I'm writing to you from the future, to let you know in advance that you're going to grow up to be unhappy and unsatisfied on nearly every level if you continue on your present course. Depending on when you get this, you'll be in high school or nearly finished with high school or even possibly in college. So I'm only going to try to cover the major items.

- If you ever find yourself clutching a bottle of hot sauce in a blind rage, count to ten before you hurl it at a wall. In fact, count to ten twice. And then drop it regardless of how you feel. Trust me on this one.

- Work harder in college. Just do it. Whenever you think you're working hard enough, work even harder.

- The homecoming queen that you're utterly in love with won't even remember the dates you're going to share after high school. She'll wind up in Florida a homeless drug addict and you'll not be able to bring yourself to invite her into your life. Get over her. I know she's a sweetheart and all that. Just get over it.
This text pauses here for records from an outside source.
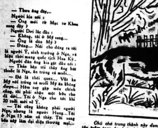
Tranh đồ vật... Một chú ngựa thồ đang đi...
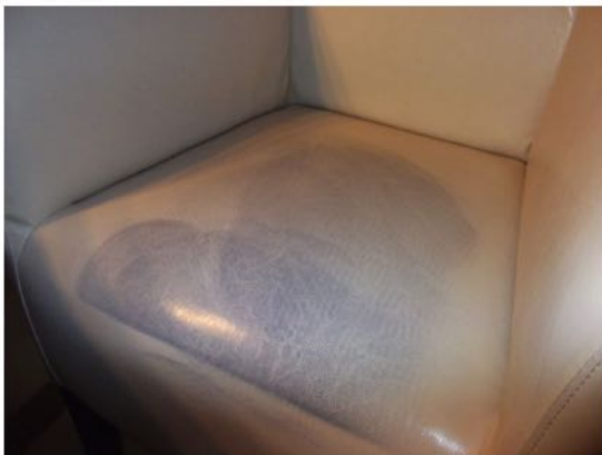
Fuerte decoloración en cuero sintético de una butaca

En casos extremos, se debe identificar el objeto que ha causado el problema. Frote las superficies sospechosas con un paño suave y húmedo y compruebe si hay decoloración. Estos objetos no deben entrar en contacto con las superficies afectadas en el futuro.
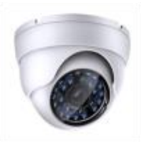
Камеры «цифрового зрения»

служит для предварительного уведомления водителей о пешеходах
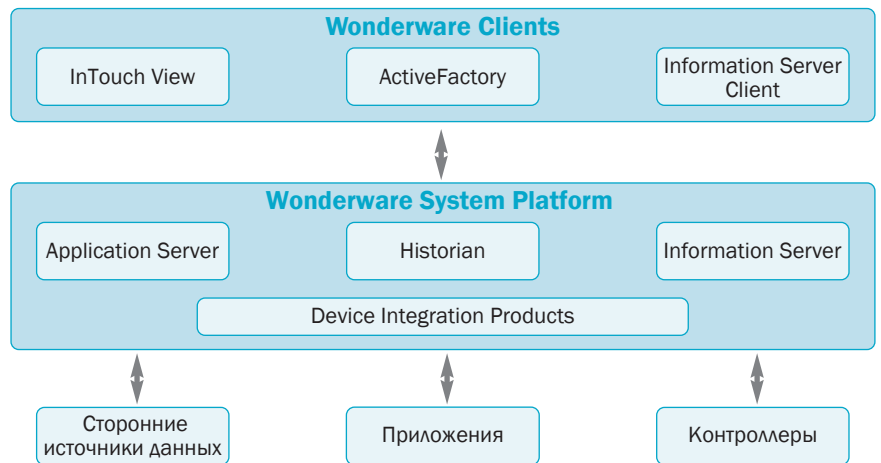
Рис. 1. Архитектура системной платформы
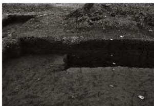
第24トレンチセクション (3) 西部 (南から)
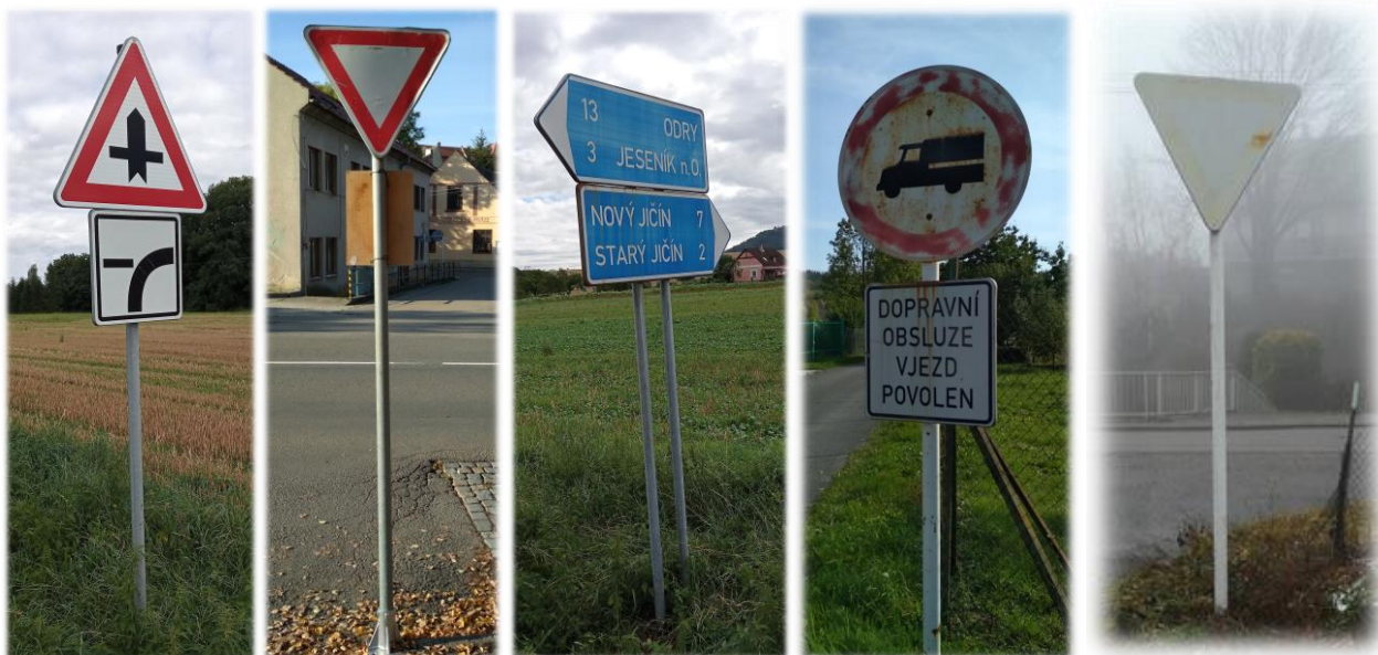
Obr. 1 Příklady dopravních značek dle stavu 1 – 5
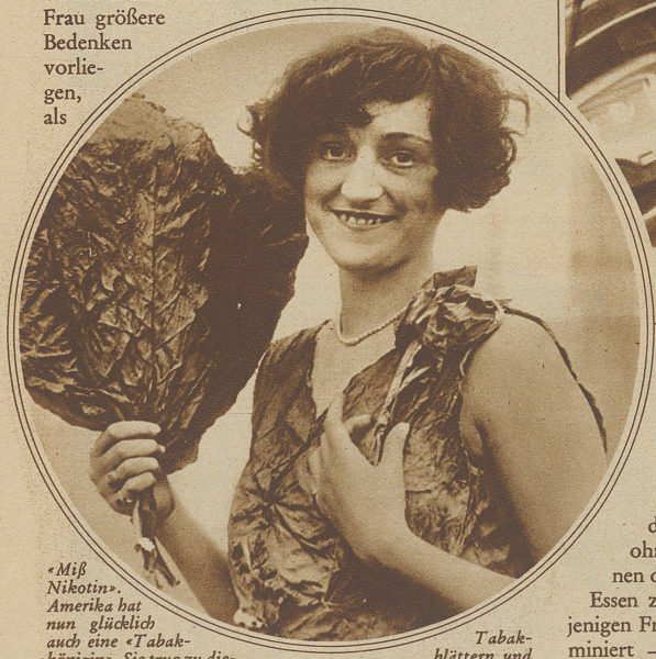
«Miß Nikotin». Amerika hat nun glücklich auch eine «Tabak-königin». Sie trug zu diesem feierlichen Akt ein Kleid aus

Das Rauchen der Frau ist so alt wie das der Männer, also durchaus keine Erscheinung der Neuzeit. Bei nicht wenigen Naturvölkern rauchen seit alters bis in unsere Zeit Männer und Frauen gleichviel oder sie kauen beide emsig ihren Tabak. / Wenn gegen das Rauchen der moder- nen Frau größere Bedenken vorlie- gen, als
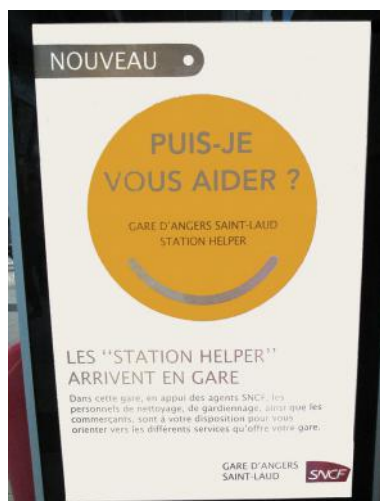
Panneau en gare d'Angers

Une certitude : ne plus utiliser une langue est le premier pas vers sa marginalisation et, à terme, un devenir de langue morte.
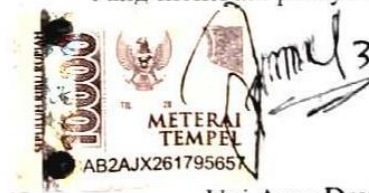
Uci Asna Devia

Semarang, 03 Januari 2022 Yang membuat pernyataan,
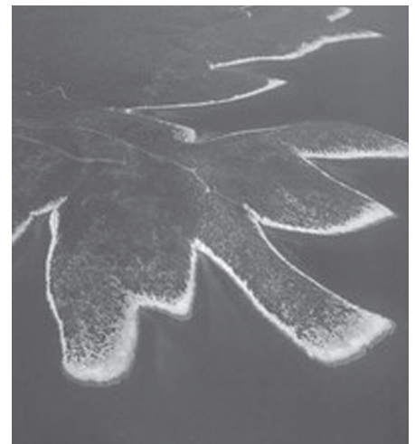
Bizarre Inselnform bei Hvar

- You'll have a chance to buy "Weird Love" by The Scientists on something called compact disc. I know you don't have a CD player yet. Buy it. Just do it. The same goes for all those Plasticland titles.

- I know you think Nirvana is kind of lame, but Cobain will blow his brains out after the band's third album. So go see them in concert with the rest of your friends and stop trying to be so cool.

- As fun as it might seem to you now, that whole British goth-rock thing is an artistic dead end. The Mission UK? The Sister of Mercy? Red Lory Yellow Lorry? Bauhaus? Gene Loves Jezebel? Let me put it to you plainly: I know that you're basically listening to EVERYTHING these days, but you might as well forget that bullshit and get into Sonic Youth. You're going to dig them by 1986 or so anyway. Why not get started sooner?

- You'll feel obliged to never attend a Grateful Dead concert. In this one area, rest assured that you did make a good decision. You're not going to miss anything. The future is amazingly free of hippies.

- I'd tell you about something called 9-11, but no one would believe you about it anyway. Just don't move to New York City and get a job in the World Trade Center. Like EVER. I'm not kidding about this one.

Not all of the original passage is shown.